Stored items from a collection:

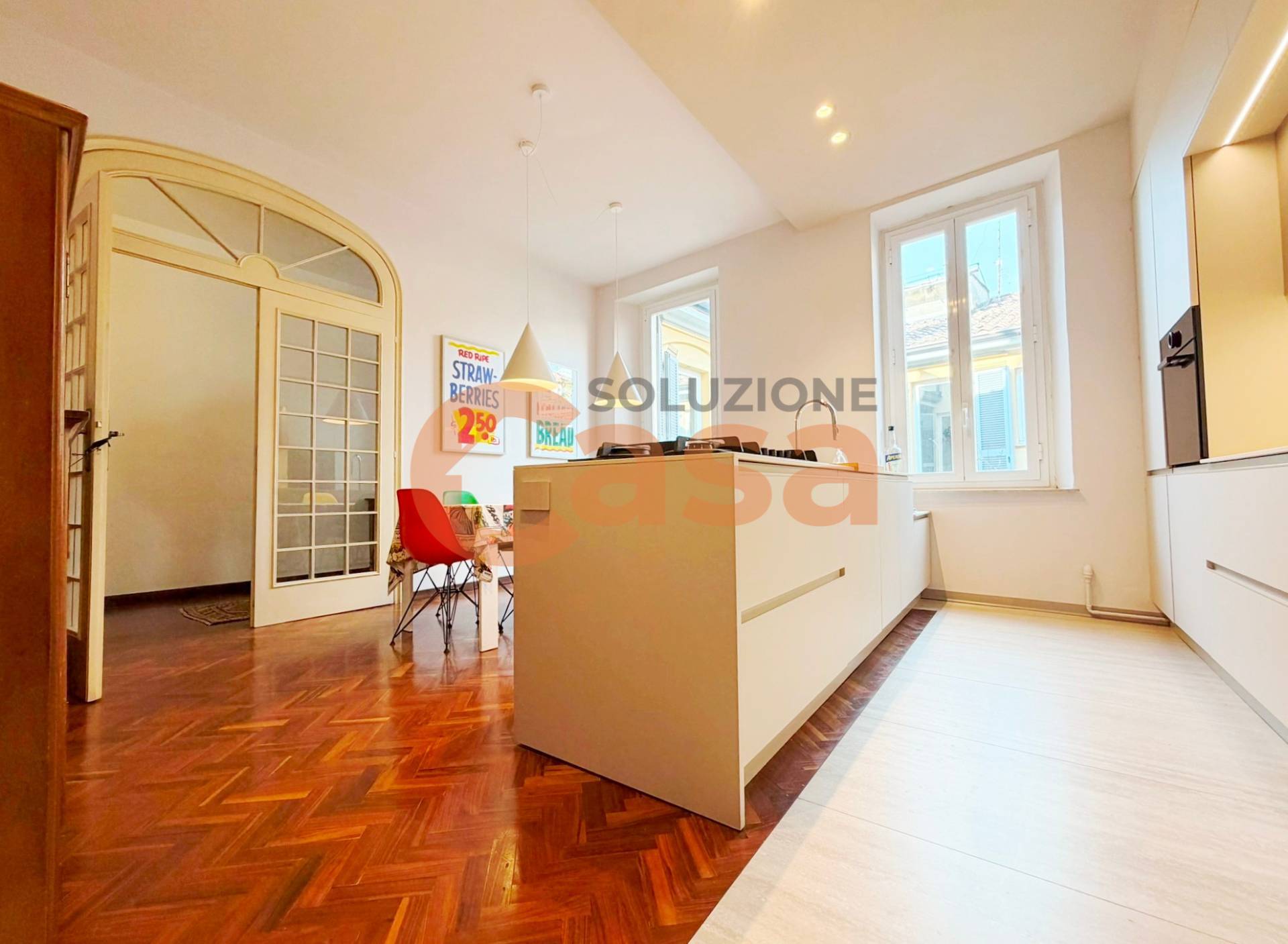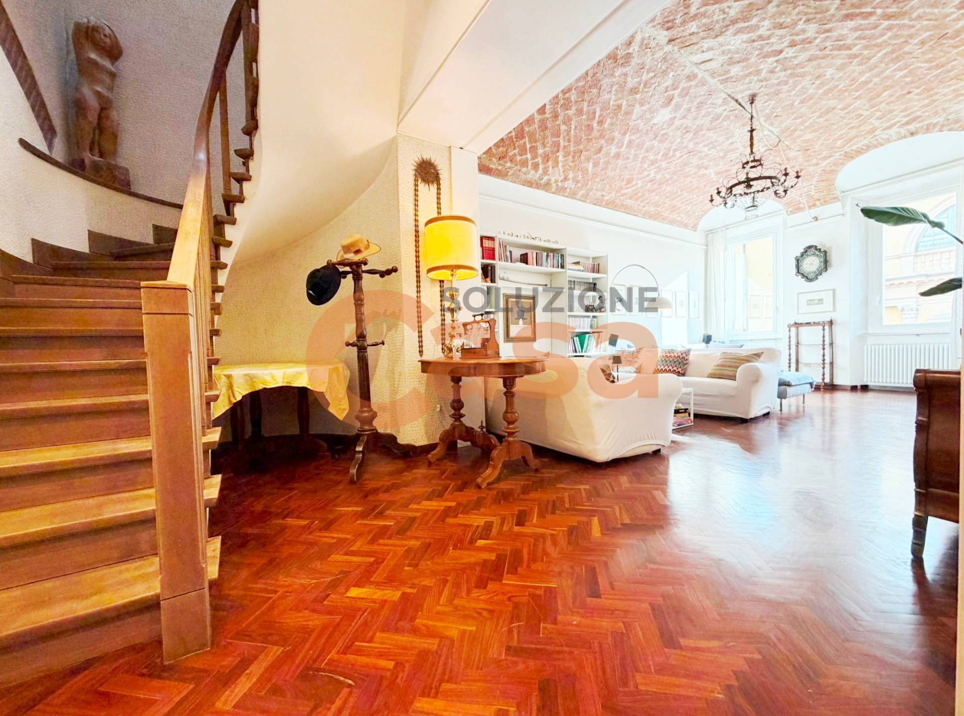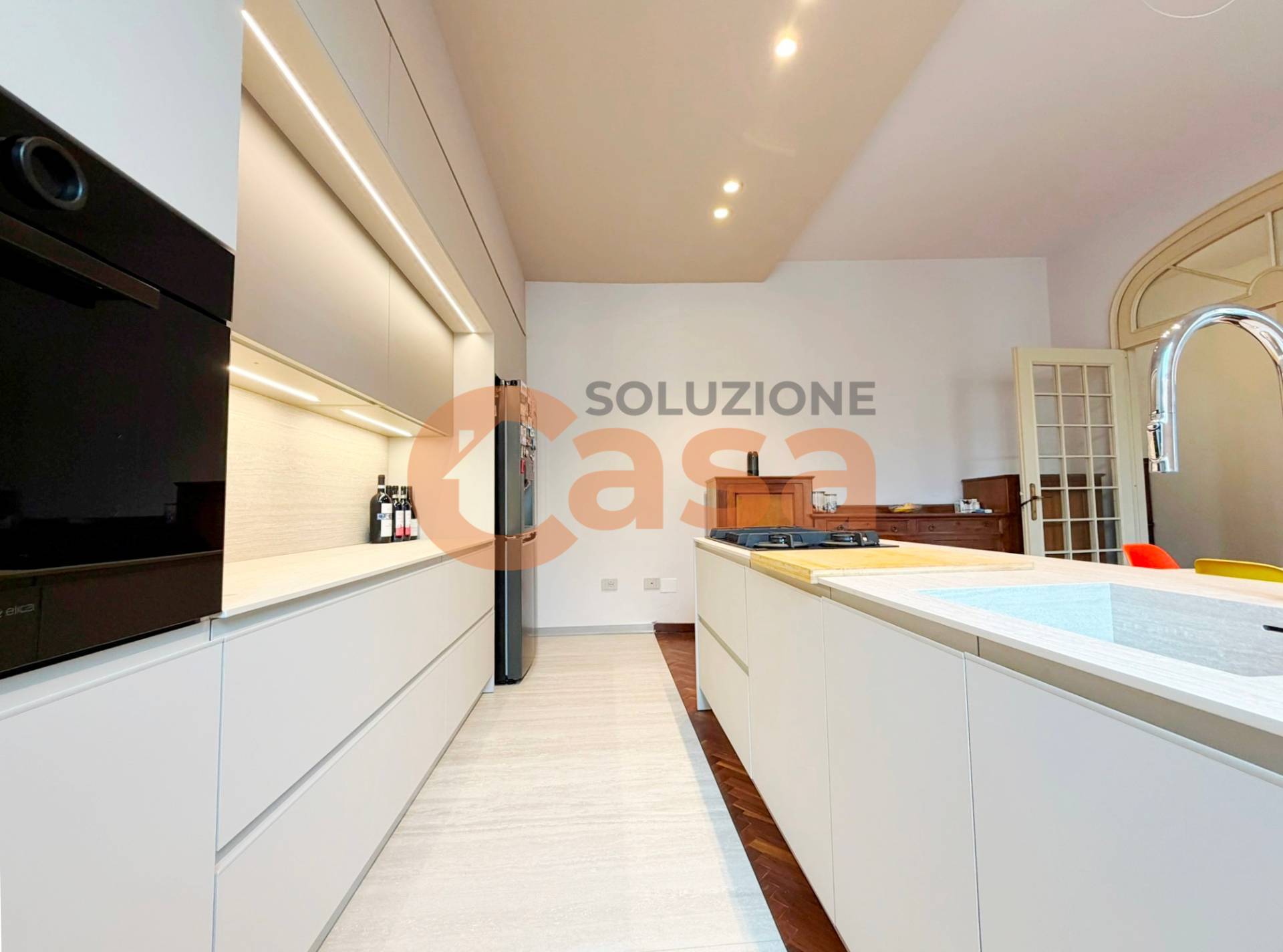 L'appartamento si compone, al piano, con ingresso signorile con ampia galleria, soggiorno doppio con zona studio, cucina abitabile NUOVA, lavanderia, bagno di servizio e ripostiglio.
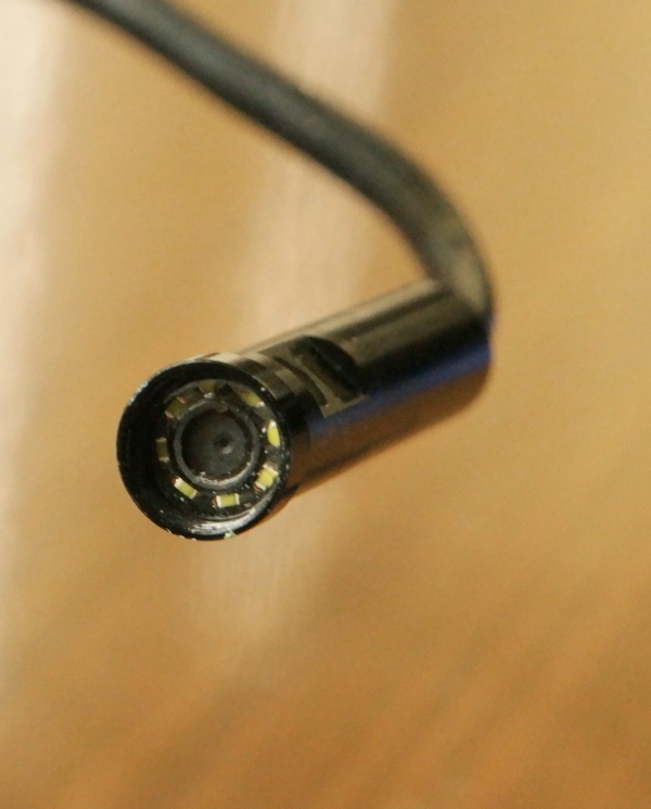 Anders das hier vorgestellte Endoskop, "Lightswim 1920". Es hätte vor ein paar Jahren noch ein Vermögen gekostet. Die Kamera an der Spitze eines fünf Meter langen Kabels hat eine gute Auflösung (siehe Fotos) und ist gleichzeitig mit starken Leuchtdioden kombiniert. Die Kamera ist lediglich 8 mm breit, so dass man sie auch durch kleine Öffnungen, Spalten in der Verkleidung oder Rohrleitungen einführen kann. Das Kabel zur Kamera ist nicht starr, sondern biegsam und hält eine vorher manipulierte leichte Biegung bis zur Kamera einigermaßen stabil.
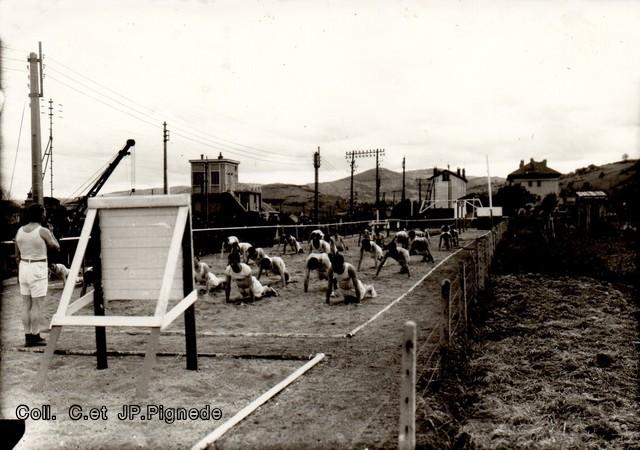 La première photo concerne bien les élèves faisant du sport sur le petit terrain derrière la rotonde. Les deux autres ont été prise à l’Ile d’Amour, avec un groupe plus important. Peut être lors d’une manifestation réunissant plusieurs associations gymniques ?
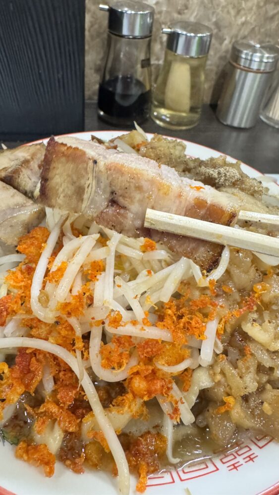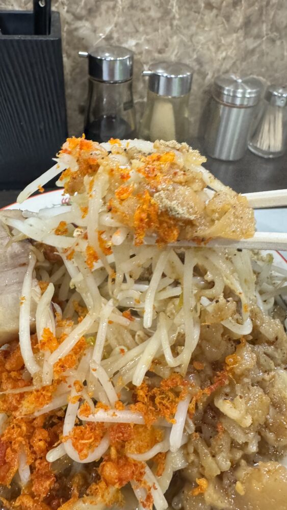 ▲野菜は細めでザクシャキ食感。背脂と辛揚げ、魚粉で食感も旨味がかけ合わさって美味。
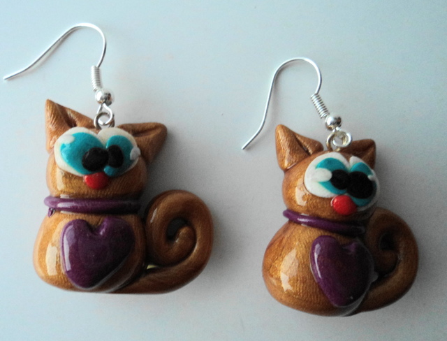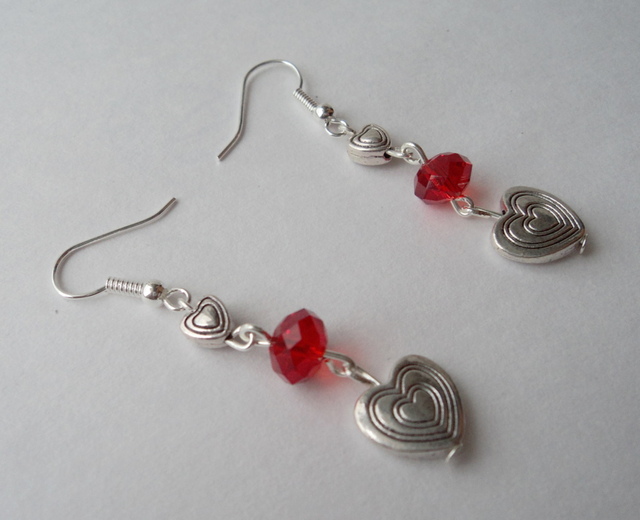 Setul este format din colier si cercei si contine inimi din fimo pictate manual,inimi metalice si din sticla alba ochi de pisica si cristale rosii din sticla.
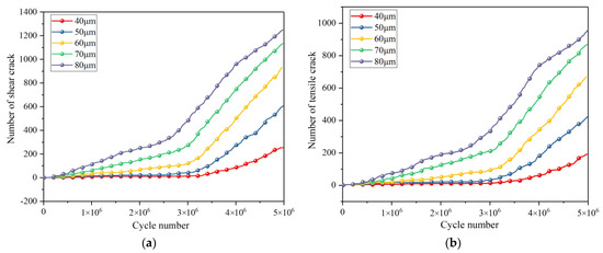 (a) The number of shear cracks varies with different amplitudes; (b) The number of tensile cracks varies with different amplitudes.
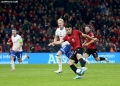 Kristjan Asllani of Albania in a duel with Brandur Olsen of the Faroe Islands during the football match, Albania vs Faroe Islands, 0-0, played at the Air Albania stadium in Tirana. At the end of the game, Albania qualified first in the group with 15 points.
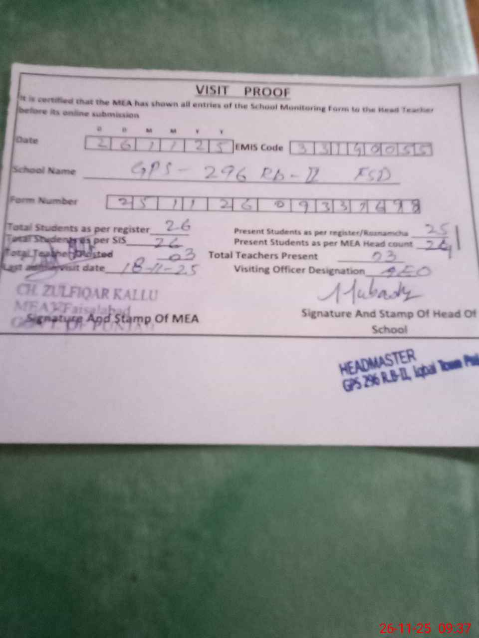 | Remarks (Use Separate Page if Required): said school have only 26 student and have 03 teachers more over said school have no electricity . other facility satisfactory. | |||||
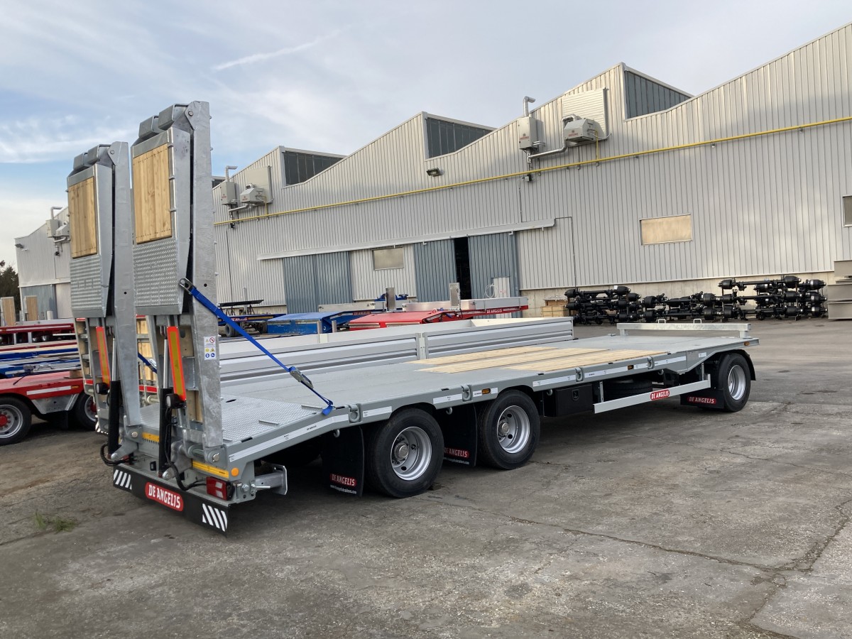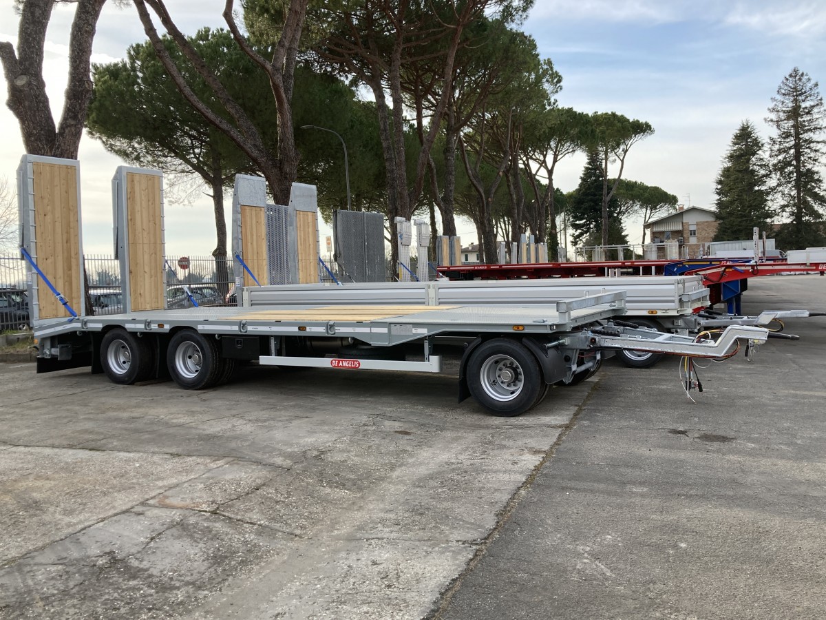 RIMORCHIO A PIANO DRITTO ULTRA-RIBASSATO. LUNGHEZZA TOTALE: 10,50 m. ACCESSORI: - 3° ASSALE AUTOSTERZANTE - RAMPE DI CARICO A SCELTA DI DIVERSE TIPOLOGIE - (SGS) SISTEMA A GUIDE SCORREVOLI PER RAMPE: Con il montaggio SGS le rampe vengono installate su carter di tipo rimovibile che scorrono dentro a delle guide costruite nella testata posteriore. A differenza del montaggio tradizionale, questo sistema consente i seguenti vantaggi: o Permette di restringere ed allargare in maniera molto più efficiente rispetto al sistema tradizionale di montaggio delle rampe o Rimozione facile e veloce delle rampe in caso di necessità o Possibilità di sostituire nel tempo le rampe esistenti con qualsiasi modello presente a catalogo senza alcun intervento di carpenteria/verniciatura/ricollaudo - 2 CASSETTE PORTA-ATTREZZI IN INOX - ANELLI CERTIFICATI INCASSATI NEI LATERALI
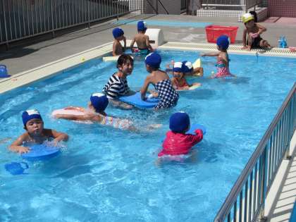 今日の預かり保育ではプール遊びをしました。

The task >>
Output only the lines above from the one containing "Anders das hier" to the one containing "(a) The number", both included, exactly as written and with no pictures.

Answer to the exercise >>
 Anders das hier vorgestellte Endoskop, "Lightswim 1920". Es hätte vor ein paar Jahren noch ein Vermögen gekostet. Die Kamera an der Spitze eines fünf Meter langen Kabels hat eine gute Auflösung (siehe Fotos) und ist gleichzeitig mit starken Leuchtdioden kombiniert. Die Kamera ist lediglich 8 mm breit, so dass man sie auch durch kleine Öffnungen, Spalten in der Verkleidung oder Rohrleitungen einführen kann. Das Kabel zur Kamera ist nicht starr, sondern biegsam und hält eine vorher manipulierte leichte Biegung bis zur Kamera einigermaßen stabil.
 La première photo concerne bien les élèves faisant du sport sur le petit terrain derrière la rotonde. Les deux autres ont été prise à l’Ile d’Amour, avec un groupe plus important. Peut être lors d’une manifestation réunissant plusieurs associations gymniques ?
 ▲野菜は細めでザクシャキ食感。背脂と辛揚げ、魚粉で食感も旨味がかけ合わさって美味。
 Setul este format din colier si cercei si contine inimi din fimo pictate manual,inimi metalice si din sticla alba ochi de pisica si cristale rosii din sticla.
 (a) The number of shear cracks varies with different amplitudes; (b) The number of tensile cracks varies with different amplitudes.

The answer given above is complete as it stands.